[RECORDS PROVIDED — start]
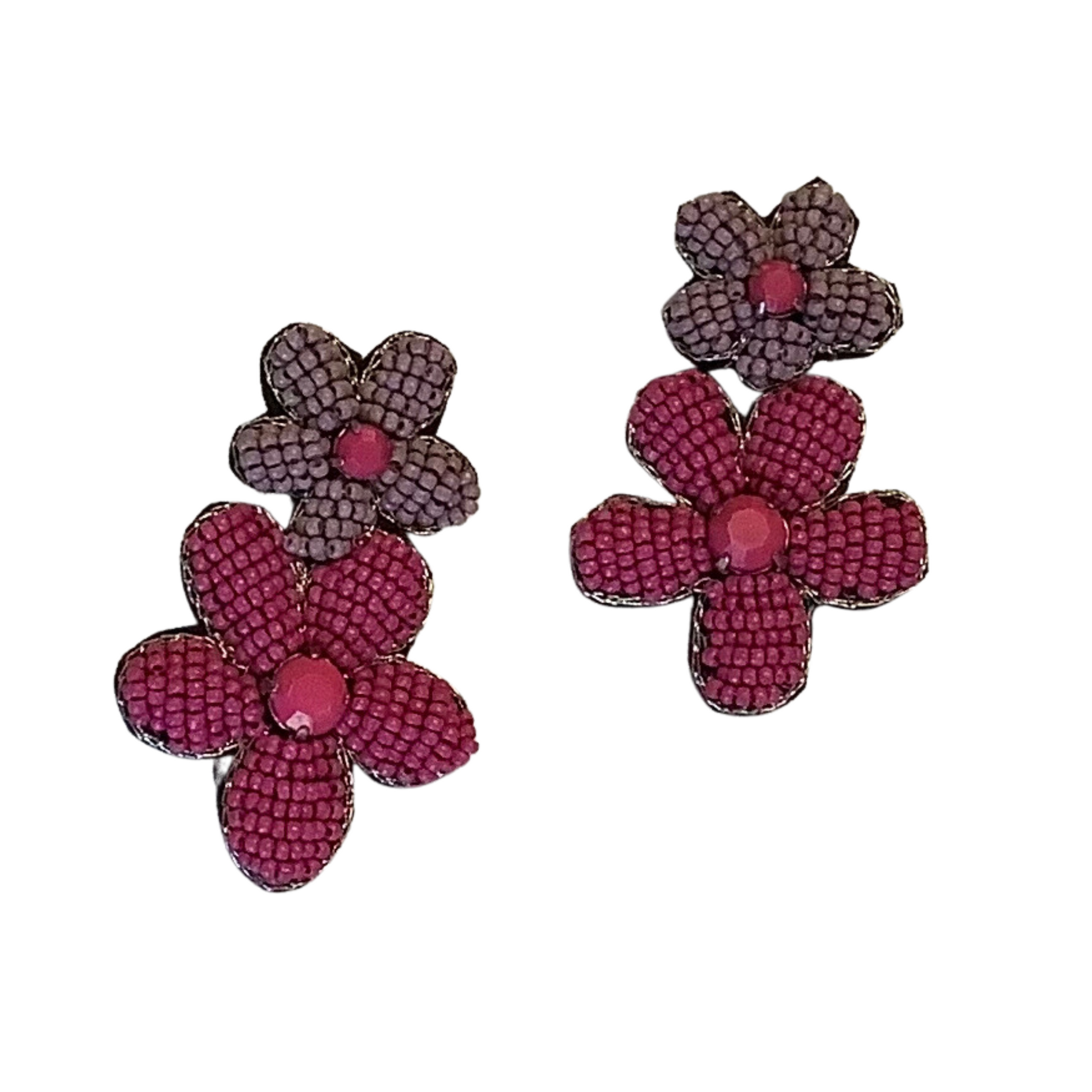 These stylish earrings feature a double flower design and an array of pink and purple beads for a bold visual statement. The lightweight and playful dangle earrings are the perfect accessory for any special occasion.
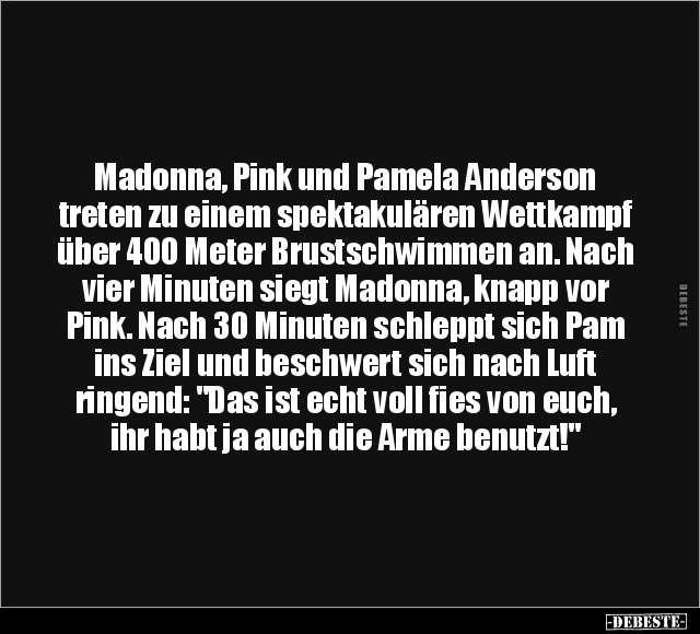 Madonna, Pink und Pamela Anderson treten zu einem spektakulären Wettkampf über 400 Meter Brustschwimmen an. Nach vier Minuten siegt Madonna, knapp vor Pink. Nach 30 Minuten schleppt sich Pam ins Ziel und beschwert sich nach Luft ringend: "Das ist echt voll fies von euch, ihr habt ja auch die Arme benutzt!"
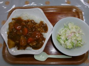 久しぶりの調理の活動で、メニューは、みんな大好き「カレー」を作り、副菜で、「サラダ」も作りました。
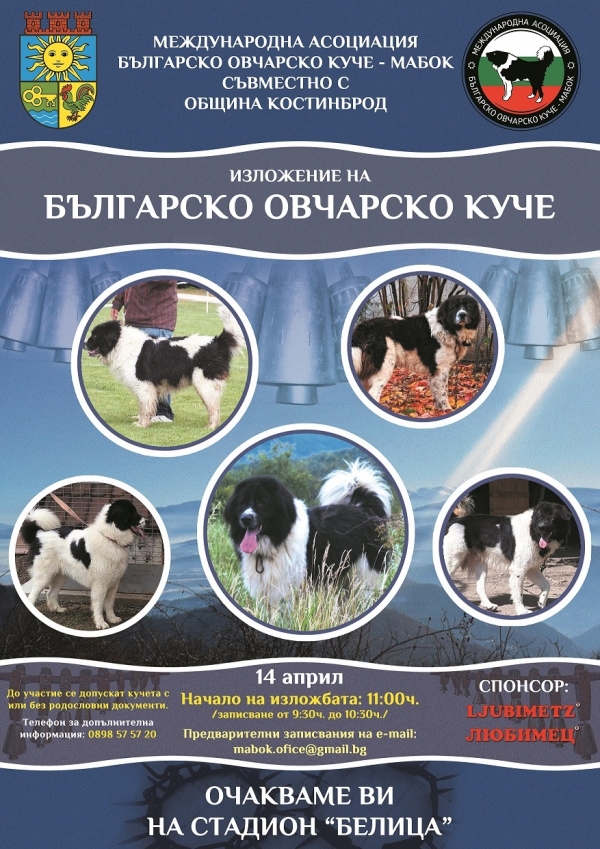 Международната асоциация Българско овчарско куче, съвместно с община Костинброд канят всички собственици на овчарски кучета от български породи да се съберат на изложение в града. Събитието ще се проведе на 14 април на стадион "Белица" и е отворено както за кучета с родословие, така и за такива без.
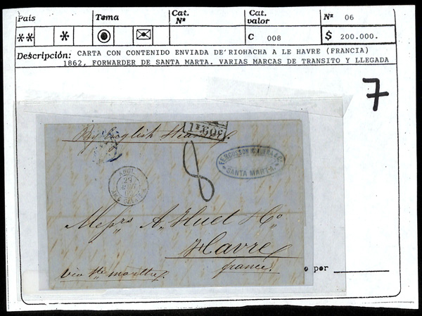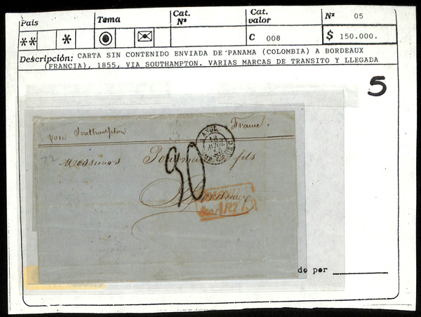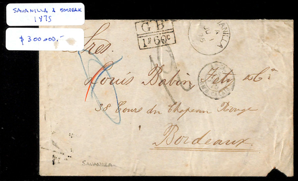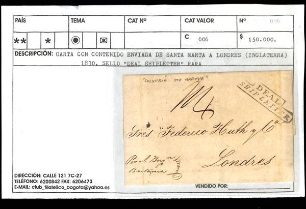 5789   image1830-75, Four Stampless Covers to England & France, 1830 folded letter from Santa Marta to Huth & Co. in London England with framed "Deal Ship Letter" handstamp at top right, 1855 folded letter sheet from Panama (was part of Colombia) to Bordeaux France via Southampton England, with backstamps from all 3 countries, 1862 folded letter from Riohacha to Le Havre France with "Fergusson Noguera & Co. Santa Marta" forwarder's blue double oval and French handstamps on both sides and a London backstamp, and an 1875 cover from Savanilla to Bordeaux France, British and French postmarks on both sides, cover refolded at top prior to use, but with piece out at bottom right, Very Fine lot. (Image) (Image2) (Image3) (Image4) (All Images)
[RECORDS PROVIDED — finish]
▶ _WHAT NEEDS TO BE DONE_
Set the pictures aside and retype exactly the lines above from the line with "久しぶりの調理の活動で、メニ" to the line with "Международната асоциация Българско", both included, adding no others.

▶ _SOLUTION_
 久しぶりの調理の活動で、メニューは、みんな大好き「カレー」を作り、副菜で、「サラダ」も作りました。
 Международната асоциация Българско овчарско куче, съвместно с община Костинброд канят всички собственици на овчарски кучета от български породи да се съберат на изложение в града. Събитието ще се проведе на 14 април на стадион "Белица" и е отворено както за кучета с родословие, така и за такива без.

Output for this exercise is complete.